Sangaile a 17 ans. Elle est
fascinée par l’acrobatie aérienne, mais elle souffre d’un profond vertige qui l’a
jusqu’ici empêchée de monter dans un avion. Lors d’un meeting aérien, elle
rencontre Auste, qui est en charge d’une tombola. Auste est une jeune femme
libre, créative, habitée par une douce folie. Les deux jeunes femmes tombent
amoureuse et découvre les douceurs de l’amour saphique. Douceur, c’est le bon
mot. La réalisatrice propose, avec finesse, délicatesse et sensualité, une
immersion dans l’intime de ces deux jeunes femmes. Une mise en scène
remarquable qui, même dans les scènes de sexe, ne glisse jamais dans le
vulgaire. On a plutôt l’impression d’être suspendu, à l’abri de la réalité, comme
dans une bulle. On comprend aussi très rapidement que la peur du vide de Sangaile
est surtout liée à un vertige intérieur. On ne sait pas vraiment d’où vient ce
mal-être qui est exprimé par des coupures qu’elle s’inflige sur l’avant-bras.

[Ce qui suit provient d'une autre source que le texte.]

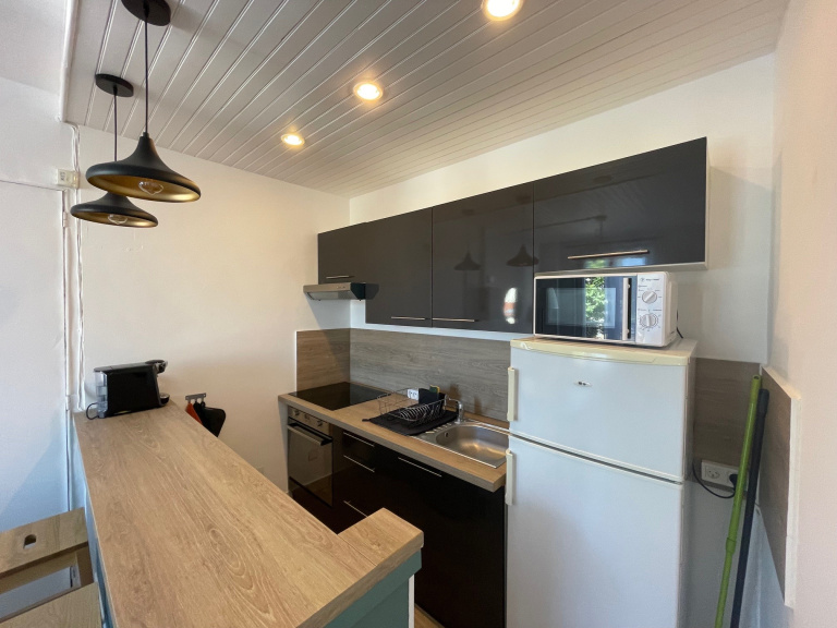 Il se compose d'un séjour avec une cuisine ouverte et entièrement équipée, d'une chambre avec placards aménagés, ainsi que d'une salle de bains avec wc.
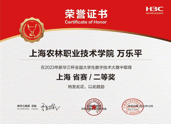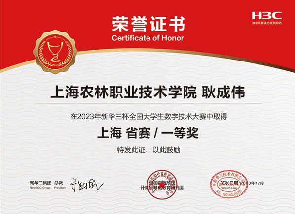 近日,2023第十三届“新华三杯”全国大学生数字技术大赛上海市赛获奖名单揭晓,学院智慧农业工程系学生获一等奖、二等奖各1项。
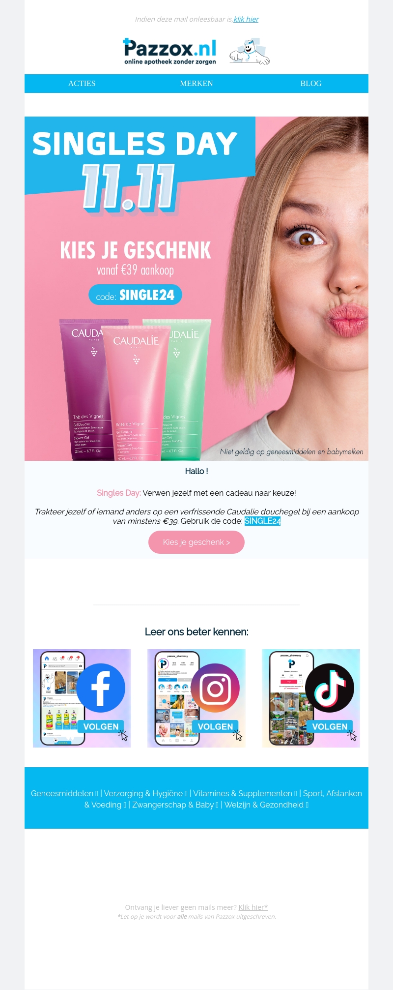 Vier Singles Day met een cadeautje naar keuze bij elke bestelling vanaf €39. Gebruik de code SINGLE24 voor een verfrissende Caudalie douchegel. Mis deze kans niet om jezelf te verwennen!
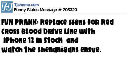 X says FUN PRANK: Replace signs for Red Cross Blood Drive line with “iPhone 12 in Stock” and watch the shenanigans ensue.

Auste, avec sa joie de vivre et sa spontanéité, et en photographiant aussi
Sangaile, la déguisant, la mettant en scène, va lui ouvrir de nouvelles
perspectives. Plein de charme et de poésie.
The Summer of Sangaile |
Le charme a rapidement été rompu
avec Roundabout in my Head de
Hassen Farhani. Dans le plus grand abattoir d’Alger, entre les carcasses et le
sang, des hommes parlent de leurs espoirs, d’amour et leurs envies d’ailleurs.
Le contraste entre le discours et les images est tel, que je me suis violemment
braquée. On sent bien à quel point le réalisateur souhaite nous faire
comprendre que cet abattoir est un point de départ vers des histoires de vies.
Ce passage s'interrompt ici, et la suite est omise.